Requirement - Go through the records and transcribe them exactly, passing over any picture.

Exercise input -
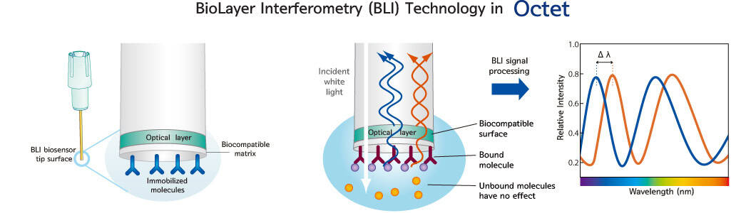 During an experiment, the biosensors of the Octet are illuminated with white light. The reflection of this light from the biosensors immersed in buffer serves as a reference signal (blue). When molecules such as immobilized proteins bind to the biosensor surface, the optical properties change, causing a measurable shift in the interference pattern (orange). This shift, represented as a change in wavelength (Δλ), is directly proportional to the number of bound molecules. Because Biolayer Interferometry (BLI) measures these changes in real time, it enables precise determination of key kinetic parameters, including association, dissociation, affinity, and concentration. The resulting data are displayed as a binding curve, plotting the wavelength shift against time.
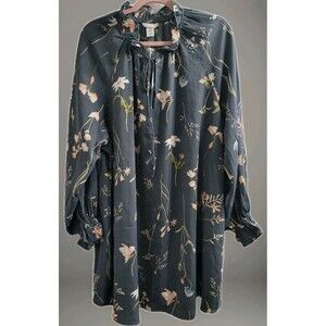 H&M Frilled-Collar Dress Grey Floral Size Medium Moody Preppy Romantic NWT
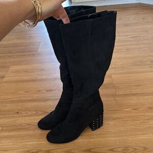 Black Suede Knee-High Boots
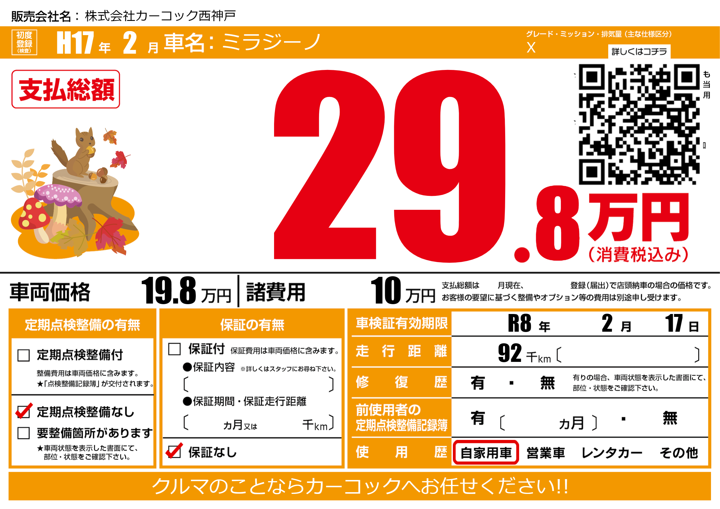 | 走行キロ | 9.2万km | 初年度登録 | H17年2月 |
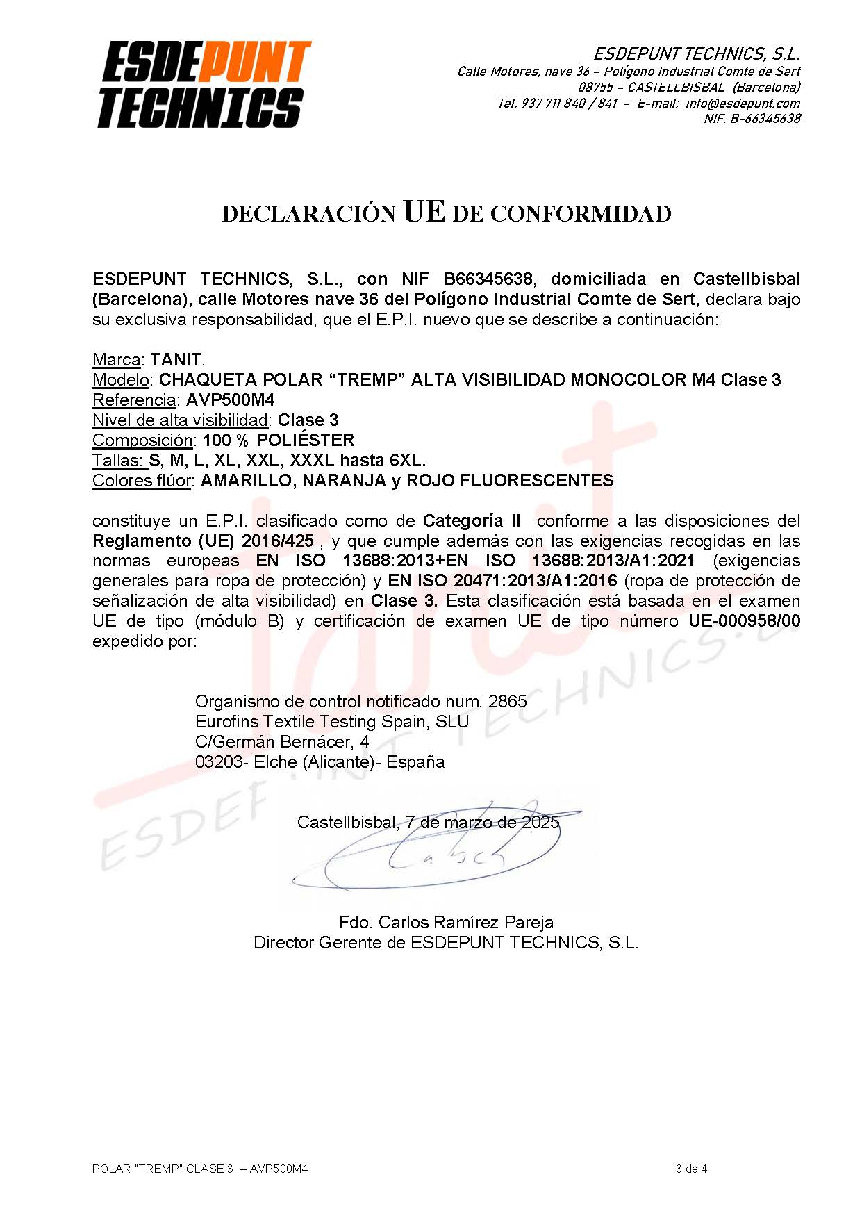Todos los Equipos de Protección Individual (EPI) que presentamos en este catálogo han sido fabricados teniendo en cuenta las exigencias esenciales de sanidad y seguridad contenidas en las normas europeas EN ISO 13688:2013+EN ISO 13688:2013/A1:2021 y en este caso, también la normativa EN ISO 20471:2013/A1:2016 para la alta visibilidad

Finished task -
 During an experiment, the biosensors of the Octet are illuminated with white light. The reflection of this light from the biosensors immersed in buffer serves as a reference signal (blue). When molecules such as immobilized proteins bind to the biosensor surface, the optical properties change, causing a measurable shift in the interference pattern (orange). This shift, represented as a change in wavelength (Δλ), is directly proportional to the number of bound molecules. Because Biolayer Interferometry (BLI) measures these changes in real time, it enables precise determination of key kinetic parameters, including association, dissociation, affinity, and concentration. The resulting data are displayed as a binding curve, plotting the wavelength shift against time.
 H&M Frilled-Collar Dress Grey Floral Size Medium Moody Preppy Romantic NWT
 Black Suede Knee-High Boots
 | 走行キロ | 9.2万km | 初年度登録 | H17年2月 |
Todos los Equipos de Protección Individual (EPI) que presentamos en este catálogo han sido fabricados teniendo en cuenta las exigencias esenciales de sanidad y seguridad contenidas en las normas europeas EN ISO 13688:2013+EN ISO 13688:2013/A1:2021 y en este caso, también la normativa EN ISO 20471:2013/A1:2016 para la alta visibilidad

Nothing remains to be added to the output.